┌──
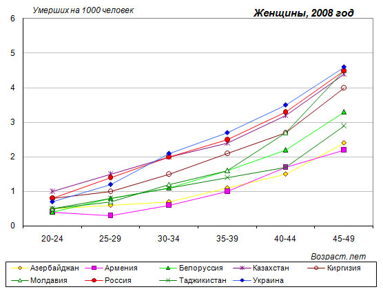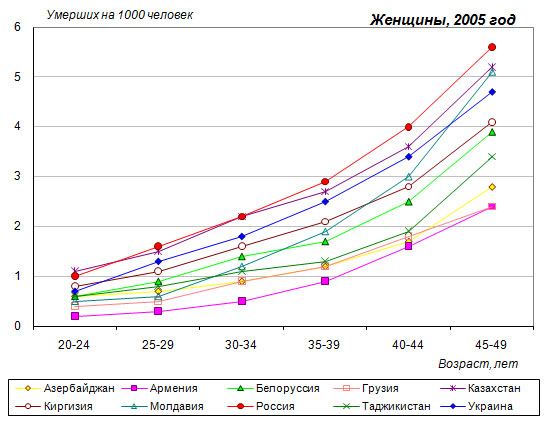 женщин того же возраста - от 2,4‰ в Армении и Грузии до 5,6‰ в России.
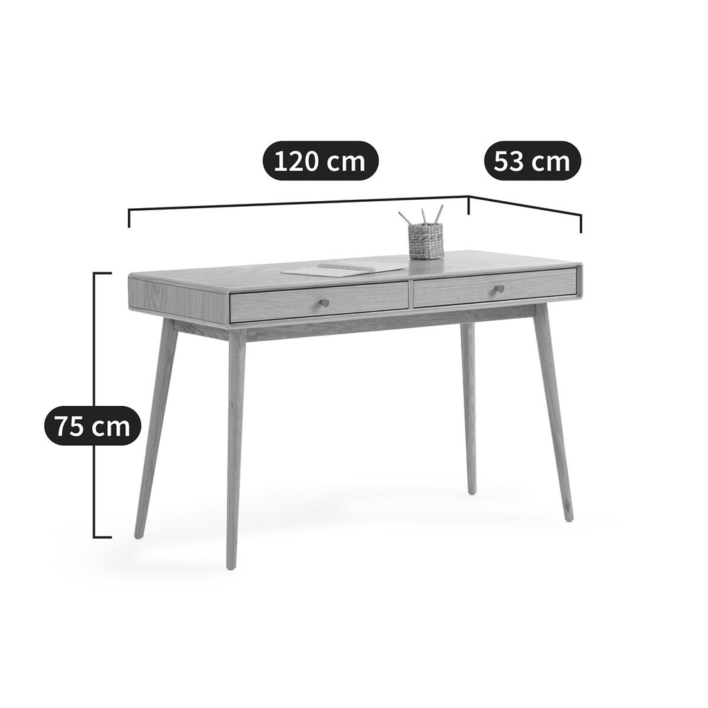 Bàn Làm Việc 2 Ngăn Gỗ Sồi Dài 120 Rộng 53 Cao 75 (cm)
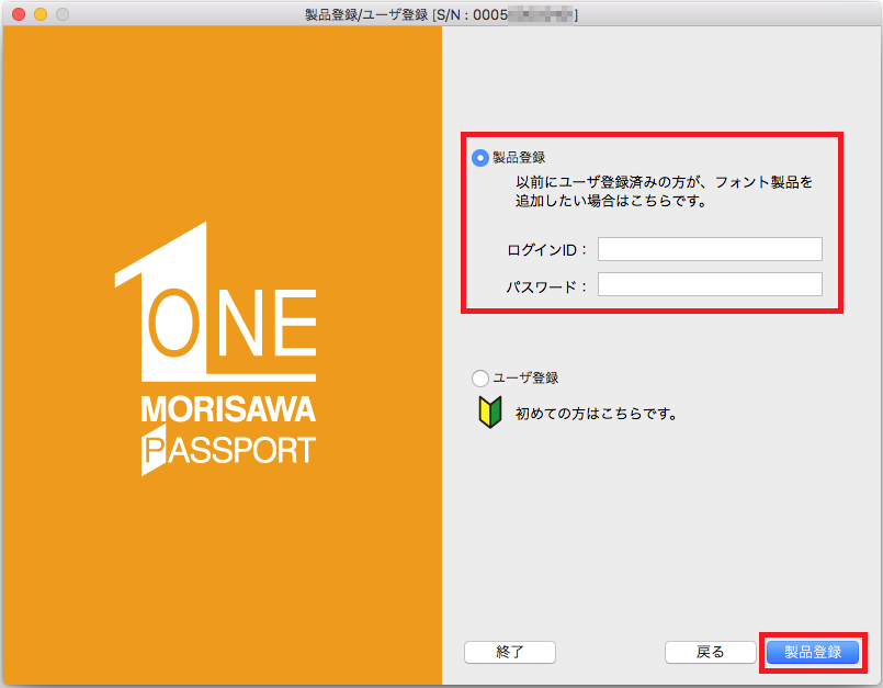 MORISAWA PASSPORT ONEの初回インストール時は仮登録の段階にあります。
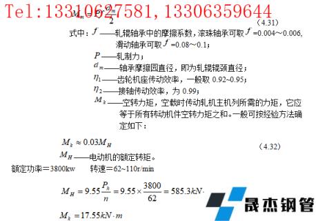 电机所需力矩除了轧制力矩外,还有摩擦力矩,空转力矩,动力矩。这些力矩的计算方法与一般纵轧相同。
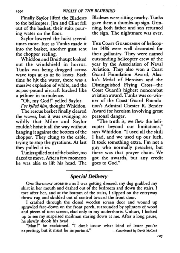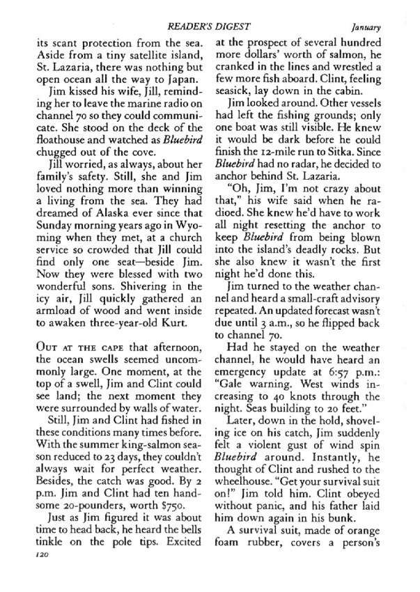 Dramas in Real Life® were a Reader's Digest staple. This one, which began as a rough draft by a reporter on a tiny Alaska daily, scored exceptionally high in our reader poll. Its secret: meticulous re-interviewing, which produced the kind of sensory details that can give nonfiction the power of fiction.
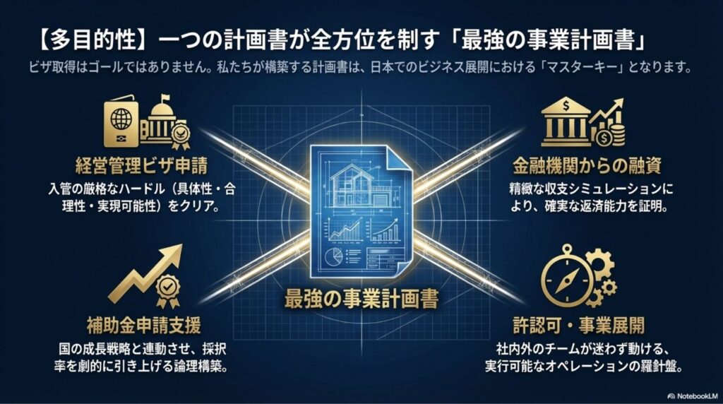 「絵に描いた餅」のような計画書では、専門家の署名すら得られず、申請の土俵にすら立てない時代が来ているのです。さらに事業計画書が必要とされるのは「経営管理ビザ」の認可だけではありません。
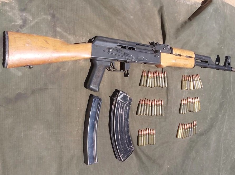 -En Tangamandapio, elementos del Ejército Mexicano aseguraron un arma larga, seis cargadores, 134 cartuchos, una granada, un chaleco táctico y una placa balística.
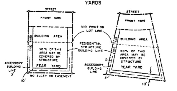 Yard Side - The area between the building and side line of the lot and extending from the front lot line to the rear lot line and being the minimum horizontal distance between a side lot line and the outside wall of the side of the main building.
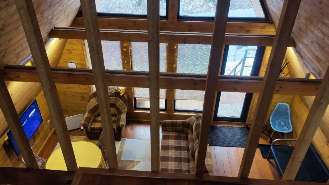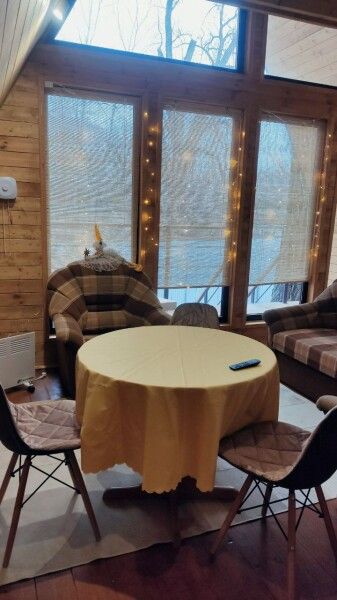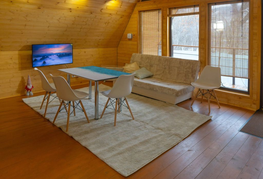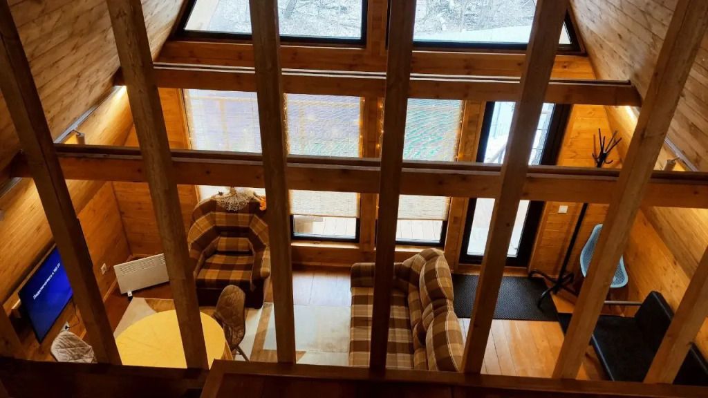 Новый, современный, уютный двухэтажный дом с террасой в стиле A-frame с панорамными окнами и видом на реку и Сокольи горы. Просторный и комфортный дом с двумя отдельными спальнями, кухней-гостиной и ванной комнатой. Комфортно разместятся до шести человек.
└──
A word-for-word copy is needed of the lines from the line holding "Dramas in Real" through the end of the records, both included, excluding every picture.

 Dramas in Real Life® were a Reader's Digest staple. This one, which began as a rough draft by a reporter on a tiny Alaska daily, scored exceptionally high in our reader poll. Its secret: meticulous re-interviewing, which produced the kind of sensory details that can give nonfiction the power of fiction.
 「絵に描いた餅」のような計画書では、専門家の署名すら得られず、申請の土俵にすら立てない時代が来ているのです。さらに事業計画書が必要とされるのは「経営管理ビザ」の認可だけではありません。
 -En Tangamandapio, elementos del Ejército Mexicano aseguraron un arma larga, seis cargadores, 134 cartuchos, una granada, un chaleco táctico y una placa balística.
 Yard Side - The area between the building and side line of the lot and extending from the front lot line to the rear lot line and being the minimum horizontal distance between a side lot line and the outside wall of the side of the main building.
 Новый, современный, уютный двухэтажный дом с террасой в стиле A-frame с панорамными окнами и видом на реку и Сокольи горы. Просторный и комфортный дом с двумя отдельными спальнями, кухней-гостиной и ванной комнатой. Комфортно разместятся до шести человек.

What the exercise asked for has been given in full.